Queueing and Quantized Llama 2 on Local Hardware
A raw Llama 2 70B serving attempt failed before the first token. The useful version was a quantized local model behind a thin API wrapper, single-worker queue, job records, and validation runs.
Llama 2 has been out for about a week now, and the local AI crowd is moving fast.
There’s a different energy around this release. The model weights are available, commercial use is on the table, and people are already trying to run serious workloads outside hosted APIs. I don’t think that makes cloud models irrelevant. It does make local serving worth testing properly.
The API threw a CUDA out-of-memory error before the first token generated.
That happened while trying to serve Llama 2 70B from a local workstation-style setup.

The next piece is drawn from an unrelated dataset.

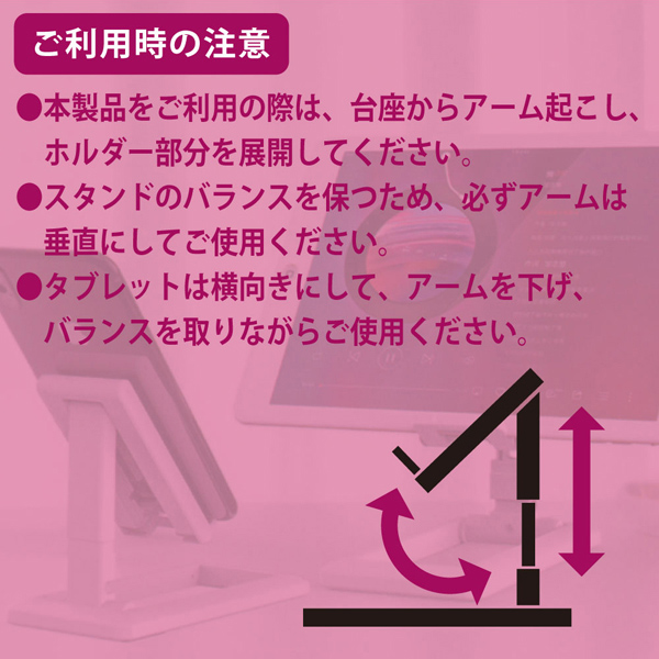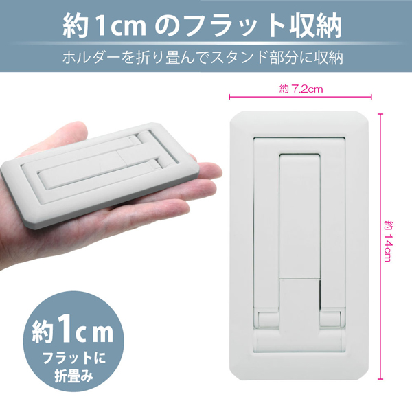◇持ち運びに最適なモバイルスタンドです。◇小さくたたんで持ち運べるので、出先でスマホやタブレットを利用したテレビ電話やオンライン会議、オンライン授業等で便利にご使用いただけます。◇最適な角度&高さに調節(ホルダー部分で角度を調節し、アームで高さを調節できます。)◇充電しながら使える(ホルダー底部から充電ケーブルを通すことができるので、充電しながらオンライン会議を続けることができます。)◇選べる2カラー(ブラックとホワイトの2カラーをラインアップ。)主な仕様・サイズ:約7.2×14×1cm(収納時)/約7.2×14×15cm(展開時)・重 量:約70g・対 応:約4.7~11インチ、厚さ 約1cmまでの機器

The model was the wrong size for the hardware in its raw form. FP16 weights are roughly two bytes per parameter. For a 70B model, that puts the weight memory alone around 140GB before runtime overhead, KV cache, batching, or anything else the server needs.

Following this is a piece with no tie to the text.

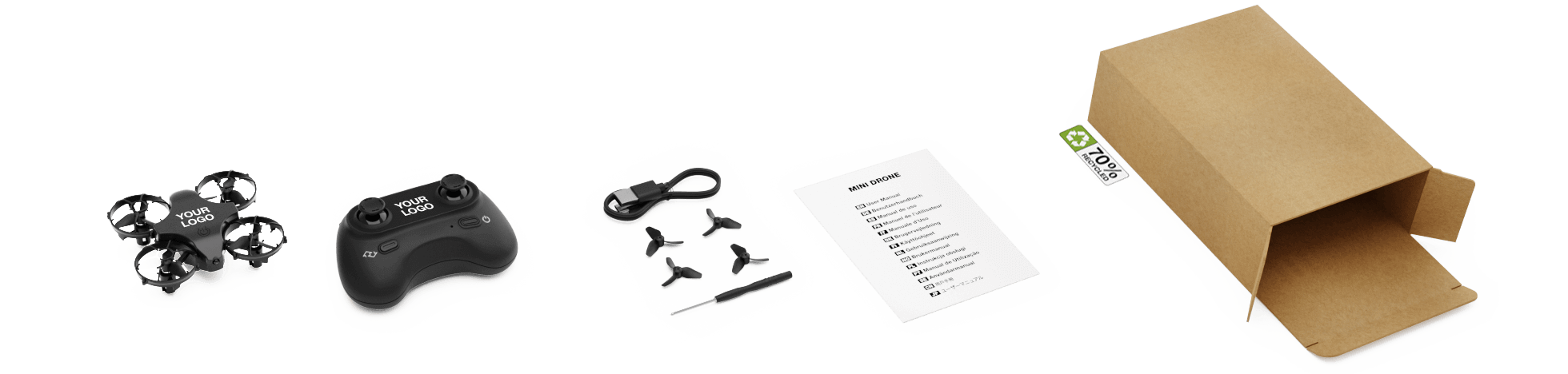 With 3 dedicated branding areas on the drone unit itself and an additional large branding area on the controller, your logo and message will be highly visible during flight and on the ground.

That hardware shape is not casual. You’re in multi-A100 territory if you try to serve the raw model cleanly.
So the question became more practical:
Can a quantized 70B model be served locally in a way that is slow, but stable enough to use for backend experiments?
The goal was local inference for backend experiments
I moved away from the normal Python serving path and tested the llama.cpp route using quantized GGML weights.
The goal wasn’t to build a polished public chatbot. I wanted a local inference service I could put behind an API, run extraction tests against, and avoid paying hosted-token costs for every experiment.
The first working shape looked like this:
client or test script
→ local API wrapper
→ job queue
→ llama.cpp server process
→ generated output
→ result stored with request metadata
The local model sat behind an API wrapper and queue so backend tests could run without treating inference as a normal web request.
Quantization changed the hardware problem
Quantization changed the hardware problem.
Instead of loading FP16 weights, the model weights were compressed into lower precision. The quality tradeoff is real and needs testing, but the storage and memory difference is large enough to change what can even be attempted on local hardware.
For this setup, I treated quantization as an infrastructure decision, not a magic compression trick.
The service needed to track:
- model name
- quantization level
- context length
- prompt template
- max tokens
- temperature
- hardware profile
- tokens per second
- failure reason
Each local inference job recorded the model version, quantization level, generation settings, runtime behavior, and failure state.
The HTTP layer should not own compute concurrency
The next issue was concurrency.
A normal web server wants to handle multiple requests at once. A local 70B model does not. Even quantized, the model is heavy enough that overlapping generations can push memory, latency, and CPU/GPU scheduling into ugly behavior fast.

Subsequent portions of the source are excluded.